(Data entries)
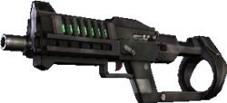 Being a traditional Death Ordnance Armament carbine, the Boneshatter launches small (but heavy) high velocity projectiles at the target. While these projectiles have highly penetrative capabilities, their design stops them from being effective at longer ranges.
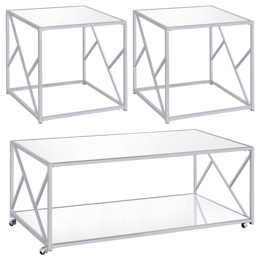 Provins - 3 Piece Occasional Table Set - Clear Mirror And Chrome
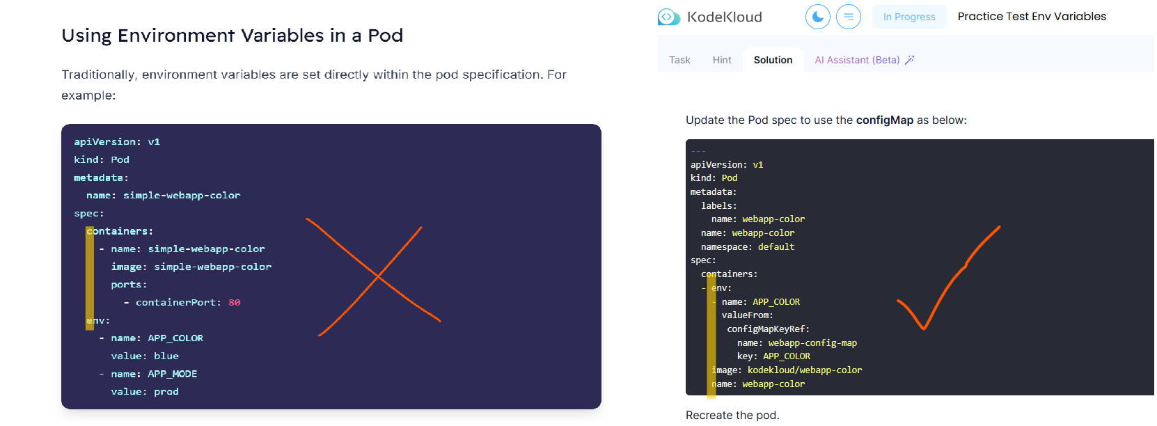 The code shows the env is the child of spec section but however in the labs it is not accepting the shown syntax. the correct syntax is that the env section is the child of containers and it should be aligned in the similar manner to that of containers.name.
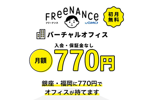 フリーナンスの特徴の3つ目は、『月額770円でバーチャルオフィスの利用が可能』なことです。
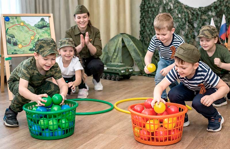 Дети: маршируют, стреляют из оружия, бегают с препятствиями на большие расстояния, ездят на военной технике, летают на военных вертолетах и самолетах, плавают на кораблях и подводных лодках, ездят на танках.

YOUR GOAL: Keep the pictures out, and write out the rest of the data above word for word.

TASK RESPONSE:
 Being a traditional Death Ordnance Armament carbine, the Boneshatter launches small (but heavy) high velocity projectiles at the target. While these projectiles have highly penetrative capabilities, their design stops them from being effective at longer ranges.
 Provins - 3 Piece Occasional Table Set - Clear Mirror And Chrome
 The code shows the env is the child of spec section but however in the labs it is not accepting the shown syntax. the correct syntax is that the env section is the child of containers and it should be aligned in the similar manner to that of containers.name.
 フリーナンスの特徴の3つ目は、『月額770円でバーチャルオフィスの利用が可能』なことです。
 Дети: маршируют, стреляют из оружия, бегают с препятствиями на большие расстояния, ездят на военной технике, летают на военных вертолетах и самолетах, плавают на кораблях и подводных лодках, ездят на танках.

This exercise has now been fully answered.